According to her website, Hines was an actress and writer.

In a recent blog she wrote:

Energetic.

Loud.

Animated.

Thats probably the first three words that pop up into people's heads when they think about me.

In high school, my theater teacher deemed me "the pistol" and I took it as an insult. I couldn't understand why other people seemed to have nicknames that connoted a personality and mine was an object. One girl was the fair queen, another was the peacemaker and I was a steel gun. 

My mother sat me down and explained that it was because I brought the heat. Still didn't get it.

Then during my orientation at NYU, Mark Wing Davey said some very valuable words: 

"DON'T TAKE UP ALL THE OXYGEN IN THE ROOM"

Wow! Is that what I had been doing? 

I thought I was the group cheerleader, giving them what they needed to keep going cause I was blessed with exuberant amounts of energy, but, I was more exhausted when it counted. While everyone else would be relaxing on breaks, I was entertaining or so I thought.
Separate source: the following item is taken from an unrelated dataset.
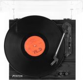 |  | The Fenton RP165 record player with built-in amplifier is elegantly simplistic in design. Listen to your vinyl records with optimal sound by adjusting the volume on the two included speakers. These dual stereo 50 watt speakers blast music from either a 3 speed turntable (33 1/3, 45, 78 RPM) or built-in BT technology to wirelessly stream music from any BT enabled device. - Built-in stereo amplifier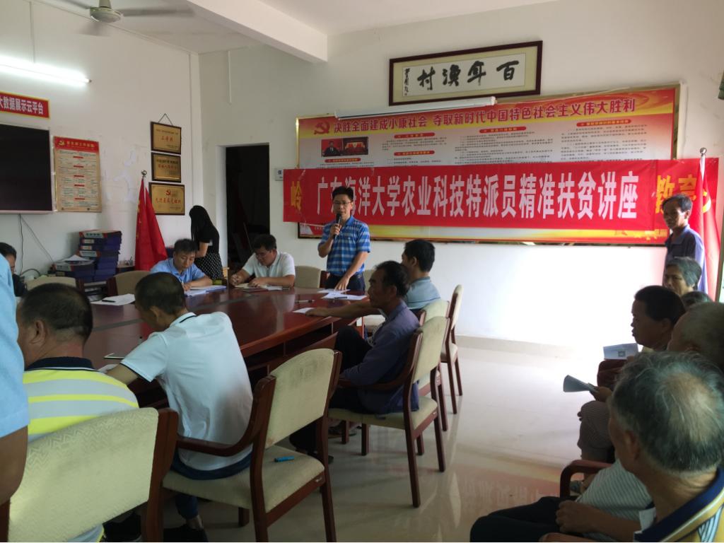 太阳成集团tyc马驿教授作为省农村科技特派员,分别在湛江市麻章区太平镇六坑村、岭头村、陈渔村、南夏村等贫困村,扎实开展脱贫帮扶工作。他开展了走访调研,与驻村干部及村民座谈,组织村民进行技术培训,发放相关技术资料与鸡苗、消毒液等活动。

I also became aware that my voice was always heard above others which meant they all knew about me, but I didn't actually know a lot about them.

If your mouth is always moving then your ears are not listening. There is no ability for you to listen while talking and if you are not receiving anything from the person you're talking to then you're actually just monologuing to an audience that will begin to resent you.